▸ **Problem to solve**
Beginning at the line that contains "1.5 Ct Pear", reproduce the entries below exactly, ending with the line that contains "Dejlig ejendom med". Omit each picture.

▸ **Available data**
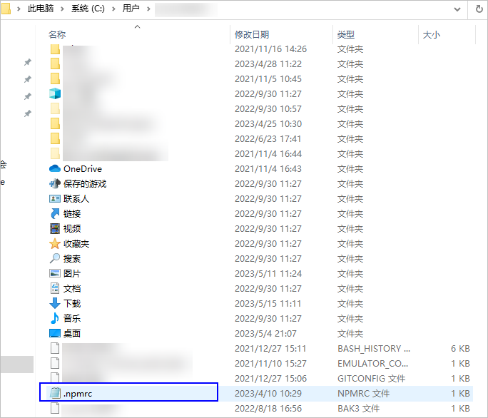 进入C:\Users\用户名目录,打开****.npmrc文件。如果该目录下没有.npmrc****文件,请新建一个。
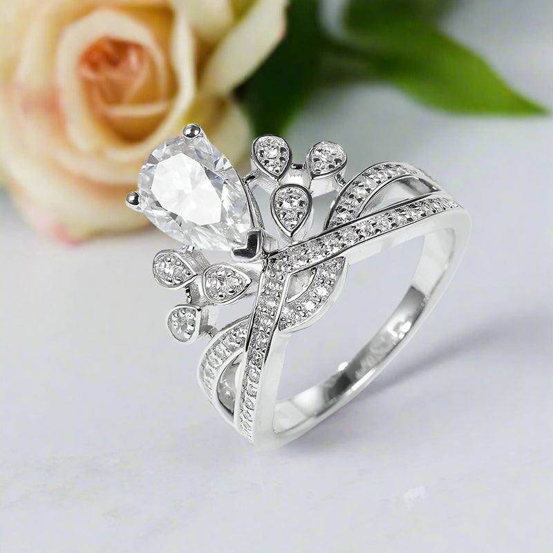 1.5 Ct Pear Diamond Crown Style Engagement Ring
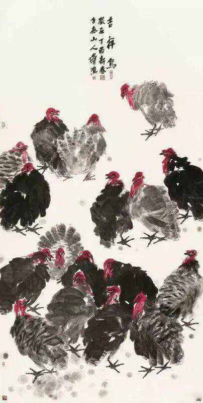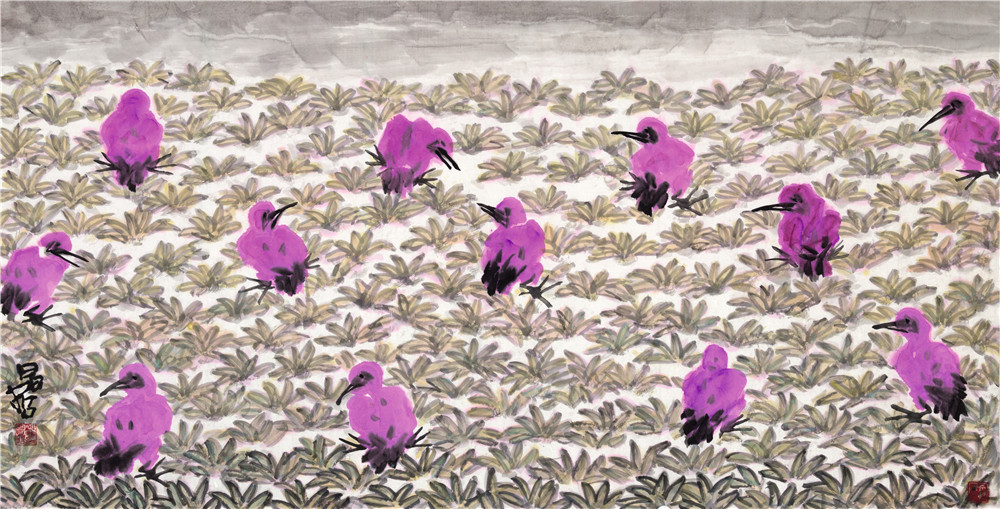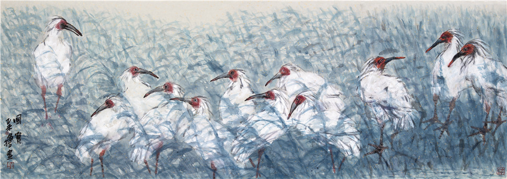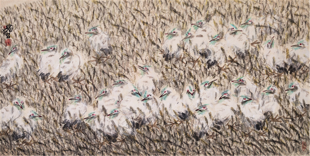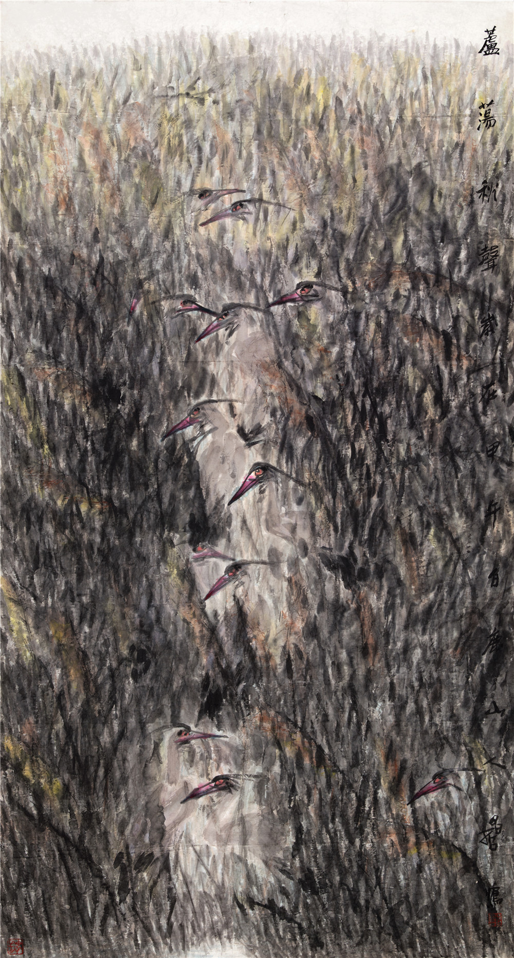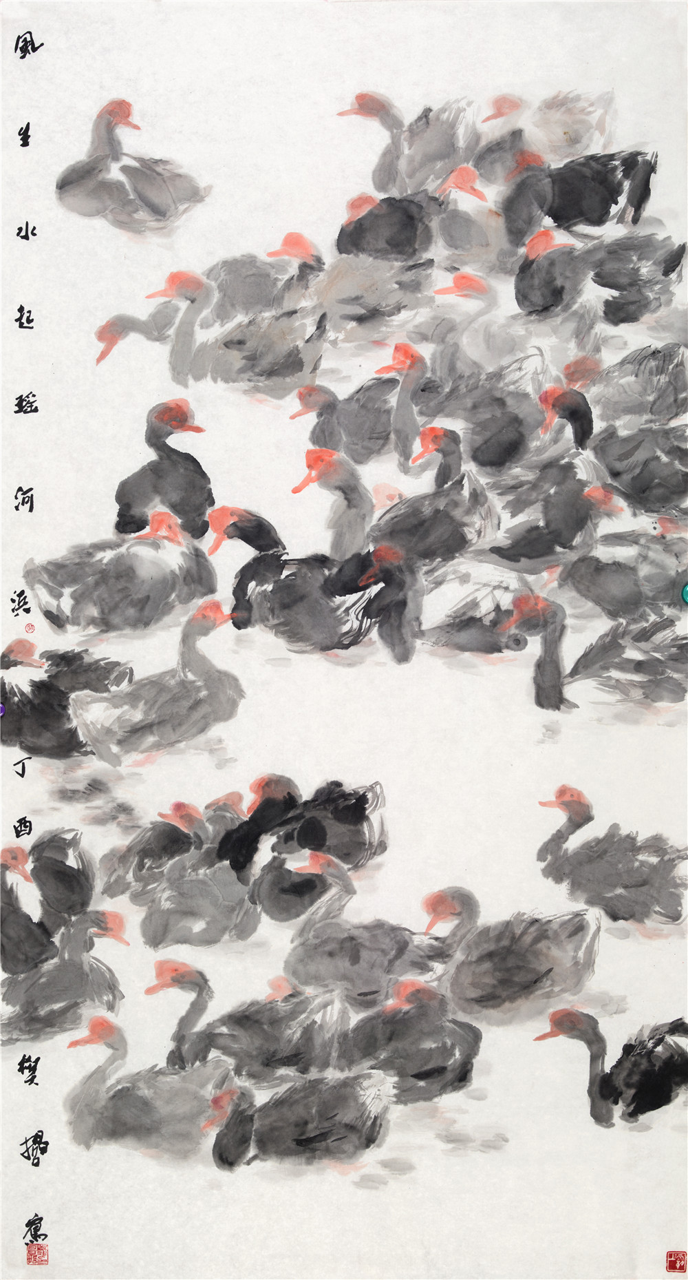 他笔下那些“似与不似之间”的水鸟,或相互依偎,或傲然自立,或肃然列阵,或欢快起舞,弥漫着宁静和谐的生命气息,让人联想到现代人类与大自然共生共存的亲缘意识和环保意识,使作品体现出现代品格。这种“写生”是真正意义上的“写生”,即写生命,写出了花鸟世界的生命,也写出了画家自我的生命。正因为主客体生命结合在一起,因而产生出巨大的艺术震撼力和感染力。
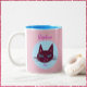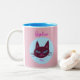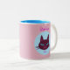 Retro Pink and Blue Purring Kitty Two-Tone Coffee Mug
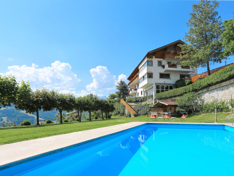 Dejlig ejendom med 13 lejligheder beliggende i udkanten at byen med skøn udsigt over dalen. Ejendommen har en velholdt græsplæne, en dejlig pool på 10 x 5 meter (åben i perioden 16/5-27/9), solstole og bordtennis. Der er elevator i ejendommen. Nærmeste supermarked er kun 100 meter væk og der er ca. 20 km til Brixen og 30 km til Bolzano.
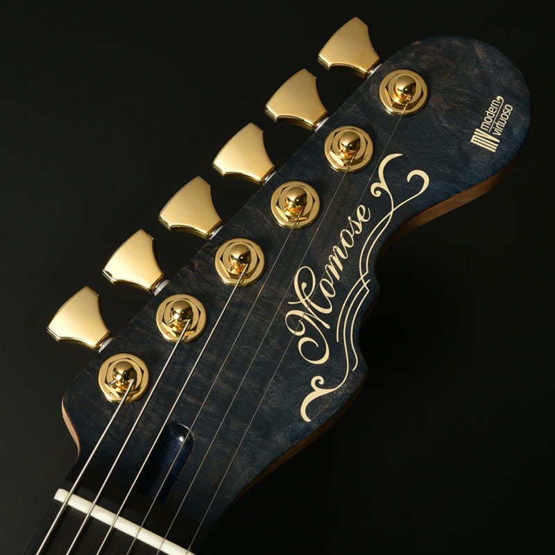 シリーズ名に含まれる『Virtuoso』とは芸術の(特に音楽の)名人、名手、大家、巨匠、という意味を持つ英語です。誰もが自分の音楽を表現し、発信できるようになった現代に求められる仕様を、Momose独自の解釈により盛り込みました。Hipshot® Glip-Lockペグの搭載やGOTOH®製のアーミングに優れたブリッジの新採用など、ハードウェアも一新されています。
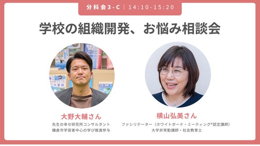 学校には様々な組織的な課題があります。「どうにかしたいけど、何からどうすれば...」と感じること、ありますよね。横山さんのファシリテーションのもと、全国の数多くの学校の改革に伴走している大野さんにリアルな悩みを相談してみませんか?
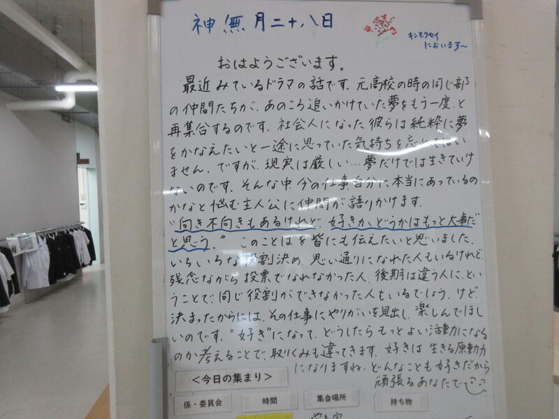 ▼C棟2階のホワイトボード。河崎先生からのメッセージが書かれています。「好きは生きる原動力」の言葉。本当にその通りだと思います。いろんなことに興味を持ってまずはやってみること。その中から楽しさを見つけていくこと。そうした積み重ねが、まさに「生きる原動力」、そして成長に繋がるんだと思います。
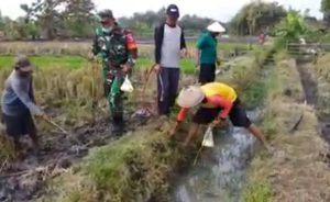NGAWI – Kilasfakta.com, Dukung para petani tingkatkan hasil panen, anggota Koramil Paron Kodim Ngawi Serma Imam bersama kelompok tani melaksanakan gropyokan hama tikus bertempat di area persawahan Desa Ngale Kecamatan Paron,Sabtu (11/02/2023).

▸ **Answer area**
 1.5 Ct Pear Diamond Crown Style Engagement Ring
 他笔下那些“似与不似之间”的水鸟,或相互依偎,或傲然自立,或肃然列阵,或欢快起舞,弥漫着宁静和谐的生命气息,让人联想到现代人类与大自然共生共存的亲缘意识和环保意识,使作品体现出现代品格。这种“写生”是真正意义上的“写生”,即写生命,写出了花鸟世界的生命,也写出了画家自我的生命。正因为主客体生命结合在一起,因而产生出巨大的艺术震撼力和感染力。
 Retro Pink and Blue Purring Kitty Two-Tone Coffee Mug
 Dejlig ejendom med 13 lejligheder beliggende i udkanten at byen med skøn udsigt over dalen. Ejendommen har en velholdt græsplæne, en dejlig pool på 10 x 5 meter (åben i perioden 16/5-27/9), solstole og bordtennis. Der er elevator i ejendommen. Nærmeste supermarked er kun 100 meter væk og der er ca. 20 km til Brixen og 30 km til Bolzano.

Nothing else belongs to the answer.